● **Exercise aim**:
Go through the listing below and retype exactly the lines starting at the one with "竞技场早已是激战手游中不可或" and ending at the one with "1、將畫筆設置為顏色濃淡隨壓", skipping pictures.

● **Recorded information**:
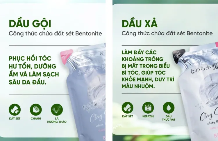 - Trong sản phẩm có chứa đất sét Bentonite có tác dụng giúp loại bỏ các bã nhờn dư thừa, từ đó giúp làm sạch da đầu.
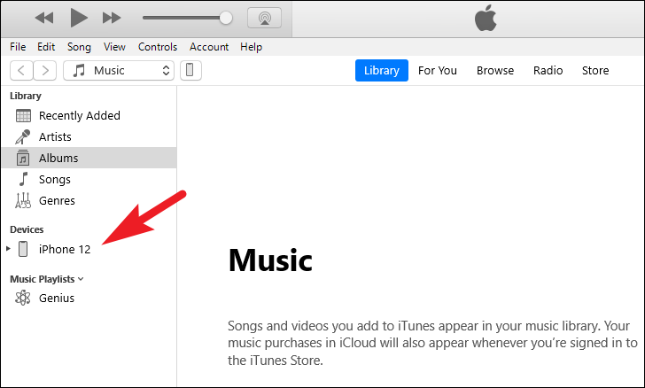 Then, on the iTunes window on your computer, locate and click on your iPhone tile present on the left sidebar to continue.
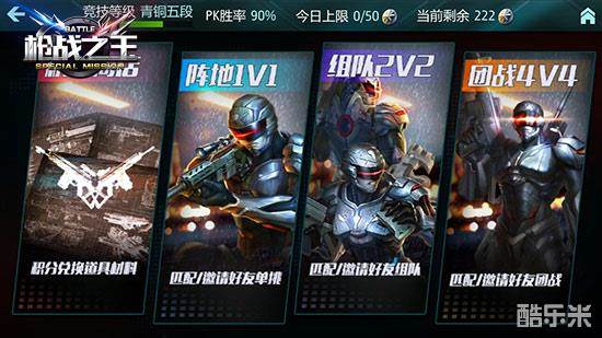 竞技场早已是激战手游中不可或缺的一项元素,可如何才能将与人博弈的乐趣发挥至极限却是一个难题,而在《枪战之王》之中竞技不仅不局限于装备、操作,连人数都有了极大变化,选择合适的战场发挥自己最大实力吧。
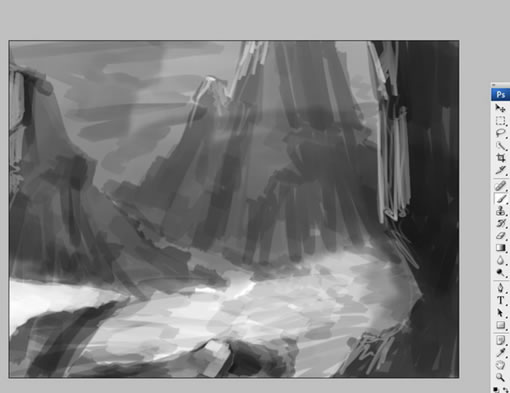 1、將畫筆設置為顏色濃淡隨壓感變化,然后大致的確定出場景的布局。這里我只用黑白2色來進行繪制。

--

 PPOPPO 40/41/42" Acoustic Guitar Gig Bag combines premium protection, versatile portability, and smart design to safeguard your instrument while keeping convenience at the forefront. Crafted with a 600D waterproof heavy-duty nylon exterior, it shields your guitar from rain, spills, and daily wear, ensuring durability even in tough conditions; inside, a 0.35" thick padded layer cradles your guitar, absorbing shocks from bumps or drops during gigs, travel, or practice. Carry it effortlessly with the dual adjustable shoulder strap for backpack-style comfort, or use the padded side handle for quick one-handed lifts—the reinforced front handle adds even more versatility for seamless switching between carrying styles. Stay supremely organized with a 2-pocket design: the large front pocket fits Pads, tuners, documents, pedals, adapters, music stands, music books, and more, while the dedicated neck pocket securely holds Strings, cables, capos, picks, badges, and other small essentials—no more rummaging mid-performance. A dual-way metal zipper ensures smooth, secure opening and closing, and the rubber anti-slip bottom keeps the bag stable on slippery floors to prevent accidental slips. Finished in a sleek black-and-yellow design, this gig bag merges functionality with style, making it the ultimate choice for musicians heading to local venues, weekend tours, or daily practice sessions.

--

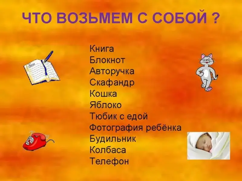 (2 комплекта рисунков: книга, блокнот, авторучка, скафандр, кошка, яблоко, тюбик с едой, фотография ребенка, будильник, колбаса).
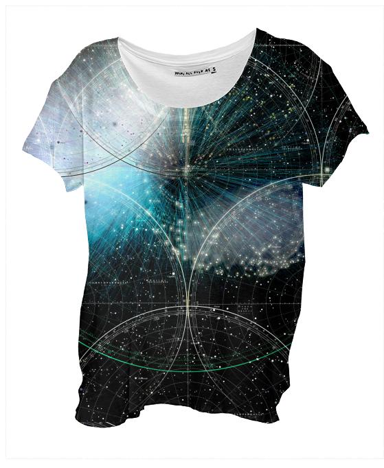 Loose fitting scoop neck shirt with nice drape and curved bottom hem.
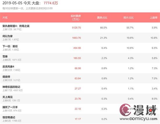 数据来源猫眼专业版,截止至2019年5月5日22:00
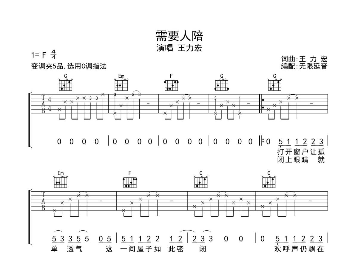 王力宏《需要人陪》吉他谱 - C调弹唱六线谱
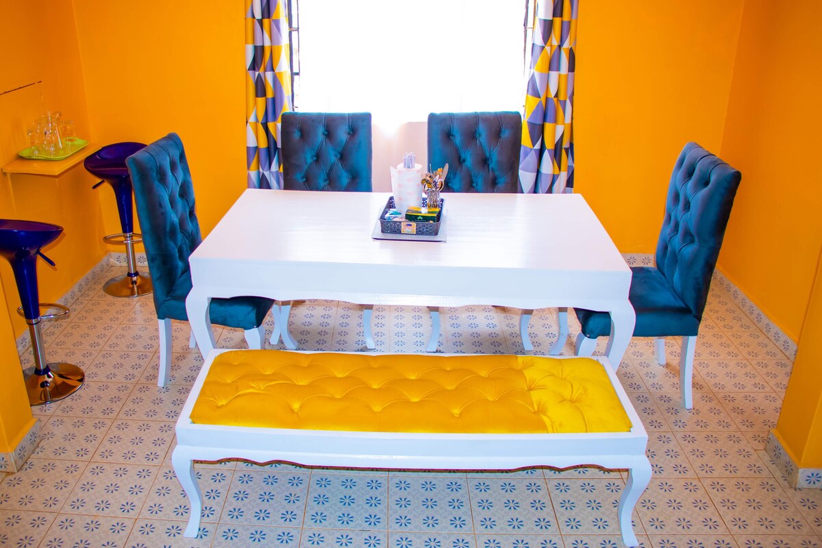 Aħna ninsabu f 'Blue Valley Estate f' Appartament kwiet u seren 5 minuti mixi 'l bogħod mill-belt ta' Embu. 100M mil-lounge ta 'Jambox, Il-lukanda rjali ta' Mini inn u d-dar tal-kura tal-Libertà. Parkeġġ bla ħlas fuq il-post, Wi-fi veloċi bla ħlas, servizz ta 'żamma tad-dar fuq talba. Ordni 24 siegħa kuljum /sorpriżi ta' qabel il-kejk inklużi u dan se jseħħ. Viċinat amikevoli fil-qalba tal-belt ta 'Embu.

● **Exercise answer**:
 竞技场早已是激战手游中不可或缺的一项元素,可如何才能将与人博弈的乐趣发挥至极限却是一个难题,而在《枪战之王》之中竞技不仅不局限于装备、操作,连人数都有了极大变化,选择合适的战场发挥自己最大实力吧。
 1、將畫筆設置為顏色濃淡隨壓感變化,然后大致的確定出場景的布局。這里我只用黑白2色來進行繪制。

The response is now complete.